那中年汉子见自己的人连续败在一名少女的手中,已是气愤异常,此时更忍不住冷笑一声道:“我摩天翅不教训你这贱婢,反使你以为除掉赤身魔教之外便无他人了!”两肩幌动,人已入场,和瑾姑面对面站着。
于志敏听那人发言有异,情知必定误会瑾姑是赤身教徒,才引起这场纷争,正待上前问个明白,加以劝解。
瑾姑已还那个人几声冷笑道:“亏你还敢报名唤号哩,谁是赤身教的人,难道你没有眼睛看?”这几句话,可把那汉子搅得糊涂了,朝于王两人一瞥,又指着插在地上的那枝神龙杖道:“你不是赤身魔教的,为什么拿着皓首神龙的神龙杖?”
王紫霜不禁微“噫”一声,瞥于志敏一眼道:“这人敢情和盛华那厮有过梁子?”于志敏点点头,还未做声,已听瑾姑骂道:“什么神龙杖不神龙杖,难道是捡得来的都不行吗?”
那汉子满脸不屑的神情,冷笑道:“捡的?没那么容易的事吧?你再捡一枝给我瞧瞧!”
瑾姑“呸”一声道:“凭你也配支使人!我说是捡来的,就是捡来的,为什么要捡给你看?”

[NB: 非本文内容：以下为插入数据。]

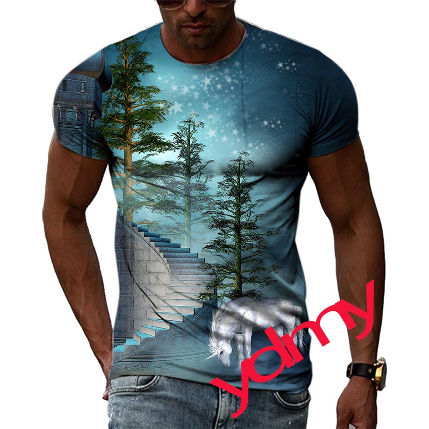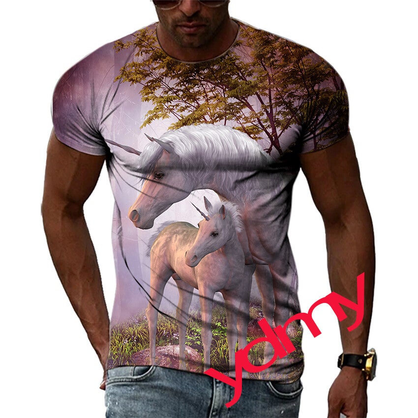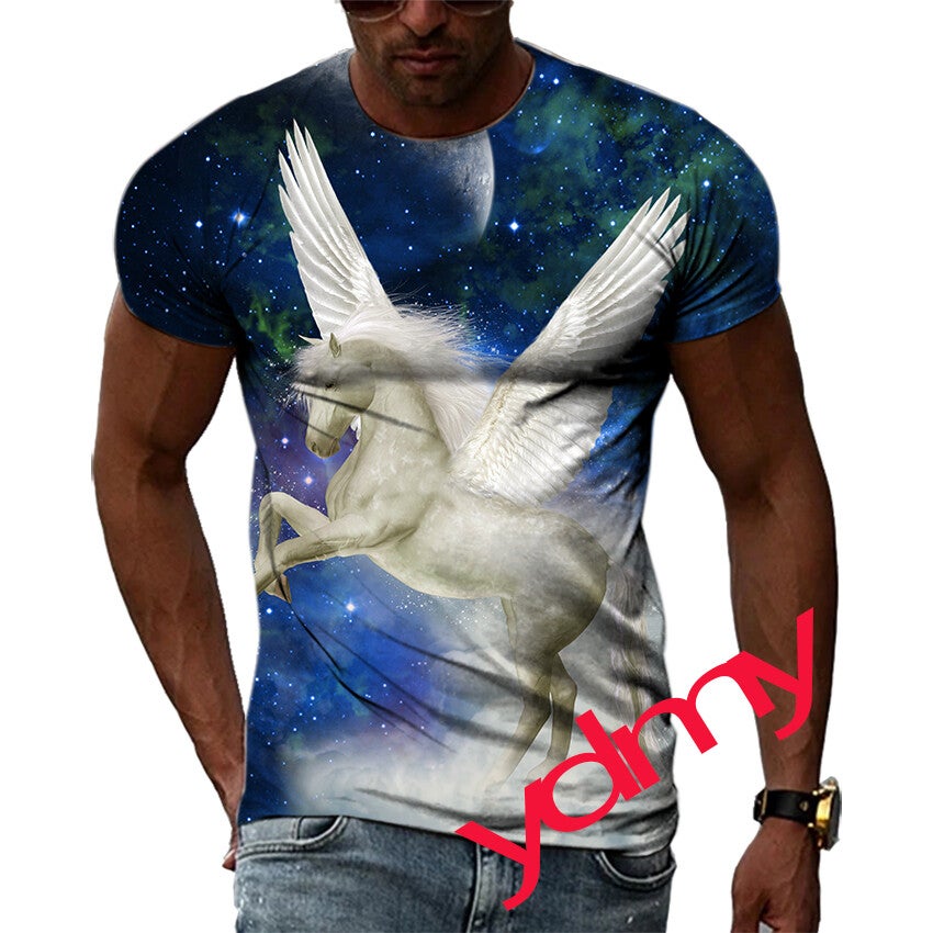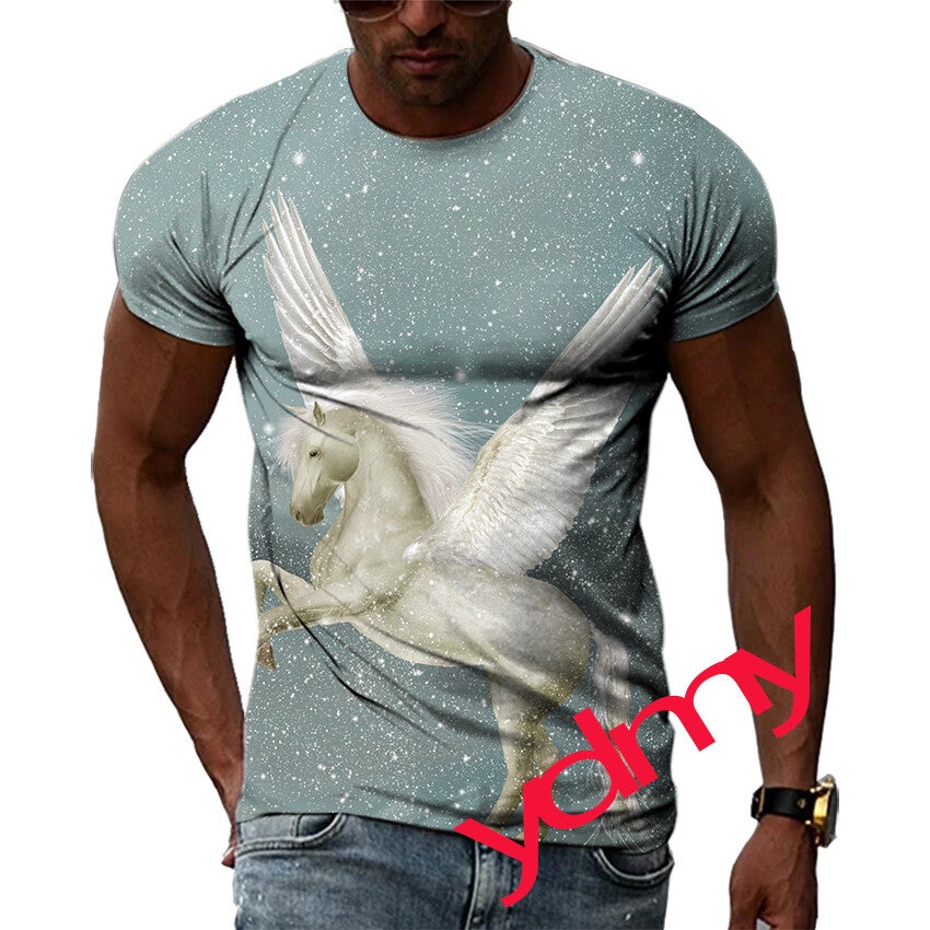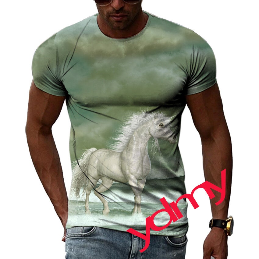 Tide Fashion Summer Magic White Horse Picture Men's T-shirt Casual Print Tees Hip Hop Personality Round Neck Short Sleev Tops
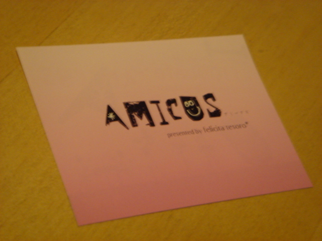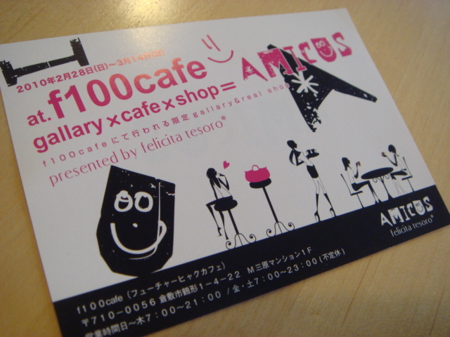 告知失礼します。 ネットを中心にアクセサリーを販売していますfelicita tesoro*と 申します。 このほどギャラリーを開きますので お知らせいたします。 「Amicus」(アミークス) ラテン語で友という意味になります ずっと大切でいられる風景を見つけられるような 展示会になってほしいという思いからです 期間*2010年2月28日(日)〜3月14日(日) 場所*「f100cafe(フューチャーヒャクカフェ)」 倉敷市鶴形1−4−22 M三原マンション1F 営業時間日〜木7:00〜21:00 金・土7:0
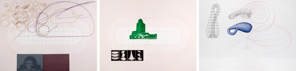 Een selectie grote vellen in het archief betreft exemplaren of proeven uit de reeks Graphics on grids uit 1988-1989. Daarin combineerde hij tekeningen op offsetrasterdrukken die hij maakte in de jaren zeventig met foto’s die verraden wat zijn bronnen waren en welke invloed deze hadden op zijn ontwikkeling. Verleden, heden en toekomstvisioenen vallen zo in één beeld samen. De reeks toont hoe hij in 1978 verwant was aan abstracte kunstenaars als Peter Struycken, Ad Dekkers, André Volten en Bob Bonies, die eind jaren zestig, begin zeventig een belangrijke rol in de Nederlandse kunst vervulden met een werkgebied tussen de beeldende kunst en architectuur in. Eikelenboom benadrukte in 2013 zijn sociale motivatie, die hem zou onderscheiden van meer individuele kunstenaars: ‘Een goed gebouw zien herinnert je eraan dat een menselijk bestaan mogelijk is in weerwil van alles wat dat bestaan degradeert. Het houdt je op de been.’
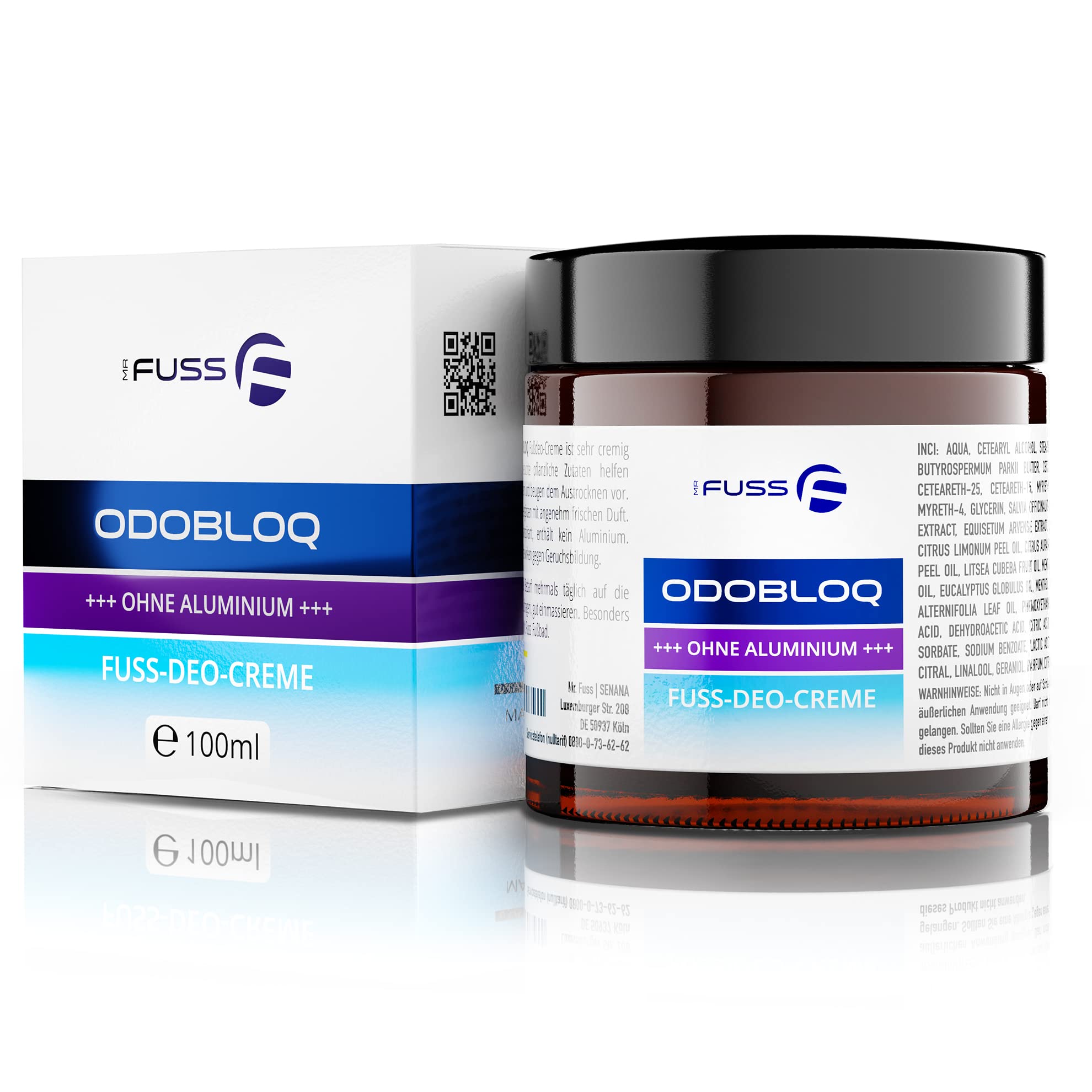 Mr. Fuss ODOBLOQ Déodorant crème contre les pieds transpirants et les fortes odeurs – Sans aluminium – 100 ml – Crème pour hommes et femmes
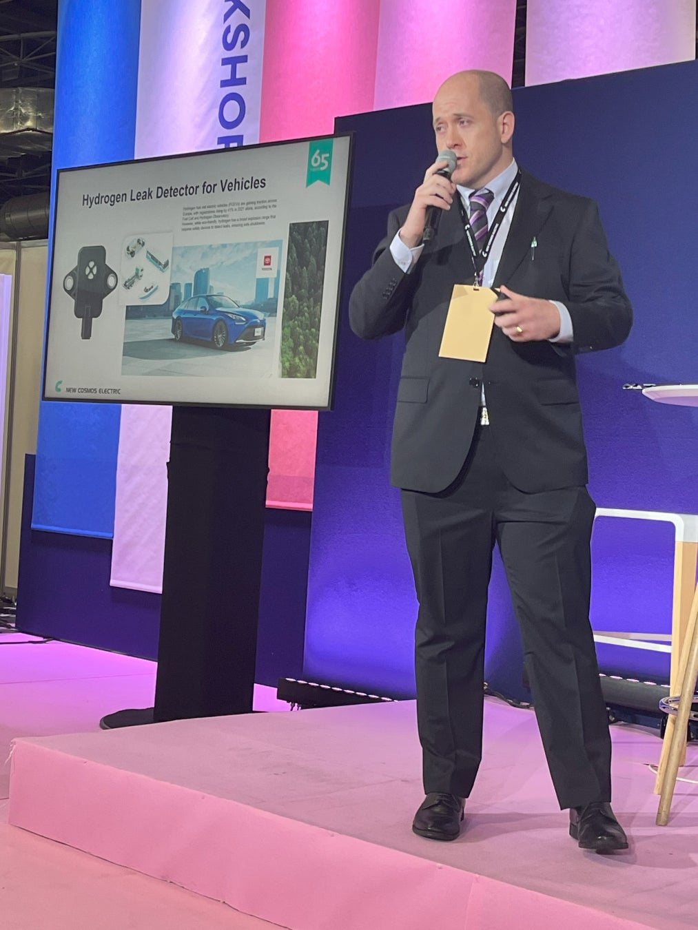 3回目の出展となる今回は初めてワークショップに参加し、新コスモス電機の水素検知技術をご紹介しました。
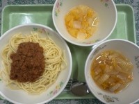 にんじん昆布ご飯、さわらの照り焼き、ピリ辛キャベツ、ほうれん草と豆腐の味噌汁、牛乳です。
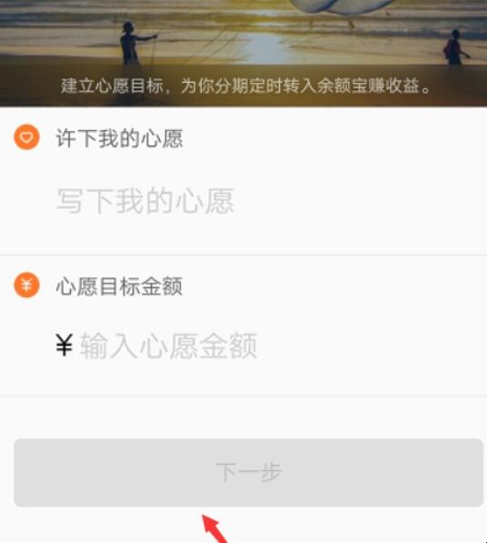 3、首先输入心愿名称以及目标金额,然后点击下一步,目标金额要在200以上。
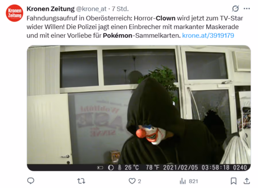 - Ein Einbrecher mit Clown-Maske hat in Österreich zweimal Pokémon-Karten geklaut.
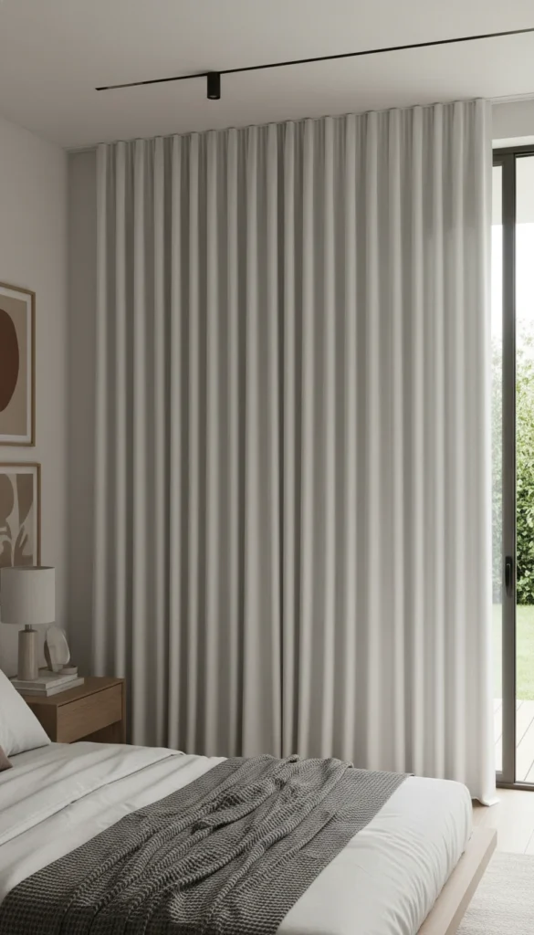 Install a low-profile ceiling track and let the panels overlap slightly in the middle. Position your bed against that wall so it looks like a custom, fabric headboard that stretches across the whole room.
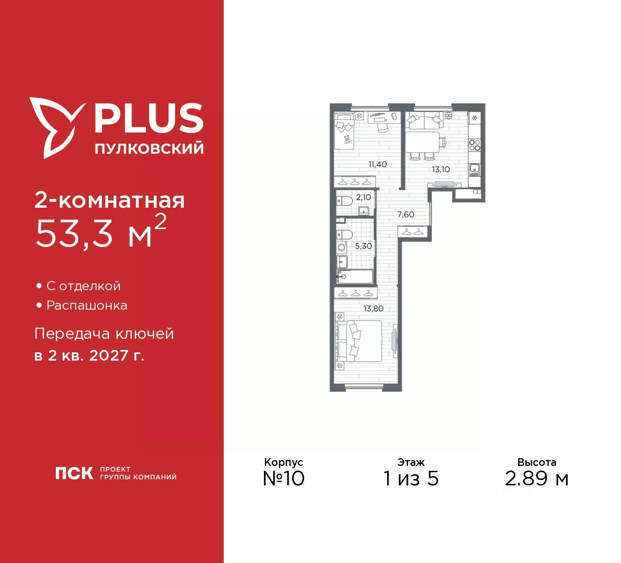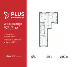 Продается 2-комн. квартира с отделкой в ЖК "PLUS Пулковский" на 1 этаже. Общая площадь: 53.3 кв.м., жилая: 25.2 кв.м., площадь просторной кухни-столовой: 13.1 кв.м. Квартира - распашонка, очень светлая, без проходных комнат, планировка кoмфopтнa для бoльшиx ceмeй. В квартире один совмещенный и один раздельный санузел. Высота потолков 2.89 м.
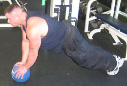 Start: Hands placed on medicine ball with arms extended and feet straight hip width apart
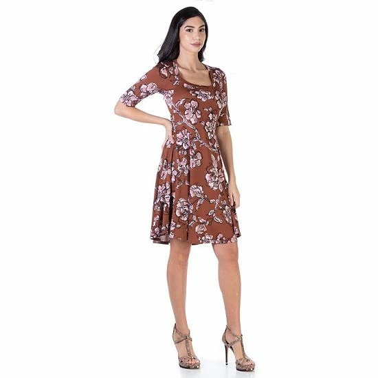 You’ll look sophisticated and stylish in this women’s swing dress from 24Seven Comfort Apparel.
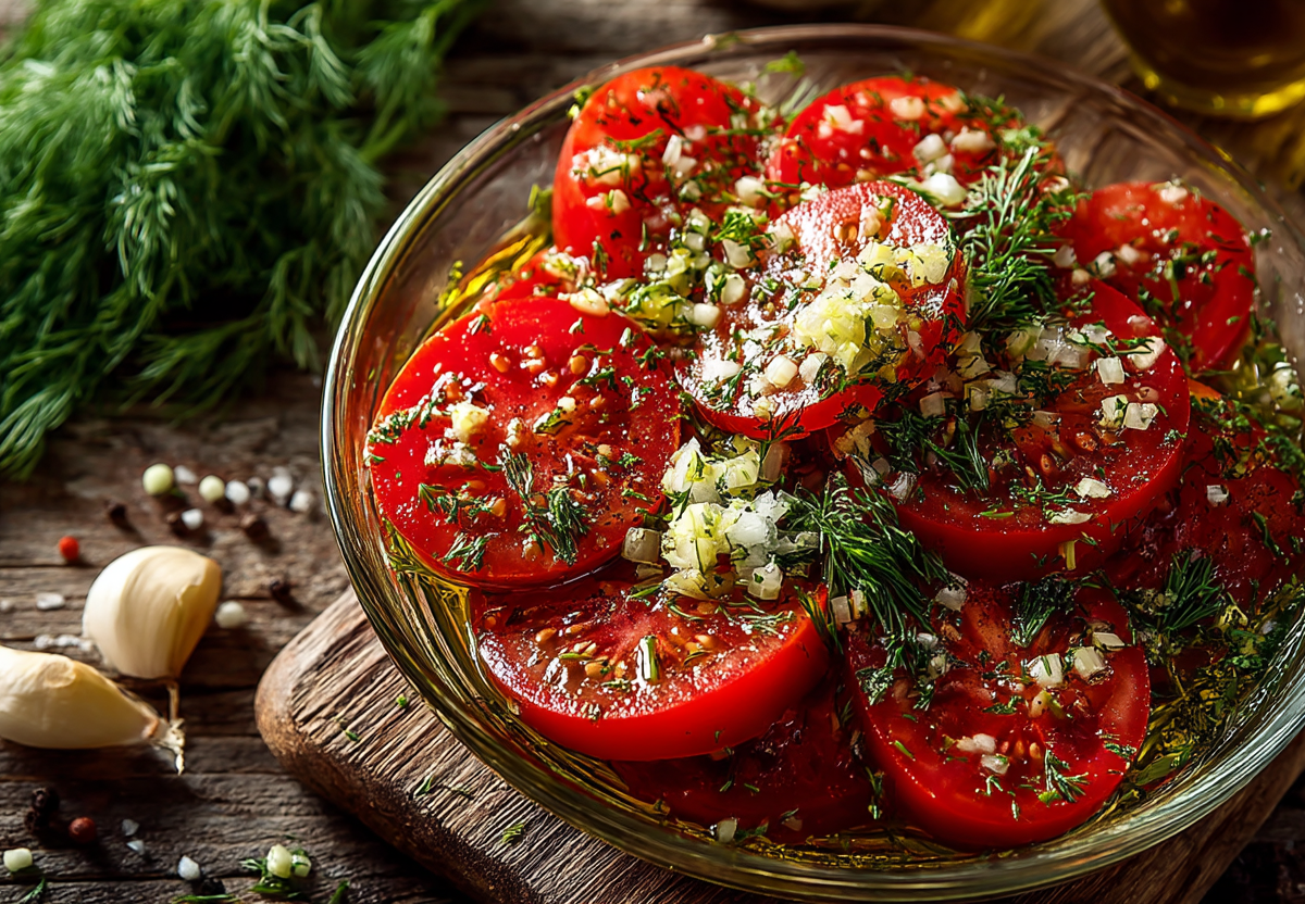 Сочные томаты, чеснок, зелень и пряный маринад с уксусом и острым перцем создают взрыв вкуса. Идеально к мясу, картошке или как самостоятельная закуска.

那汉子怒道:“我偏要看你配不配捡盛华的神龙杖!”一幌肩,又上前数尺,双掌一沉,就要发招。
于志敏喝一声:“且慢!”一闪间,已挡在此人中间,丁瑾姑见是他抢了进来,只得闪退一边。
那汉子只见喝声未已,自己的面前已闪出一条白衣人影,慌忙退后丈余,定睛一看,原来是站在场外的少年,虽?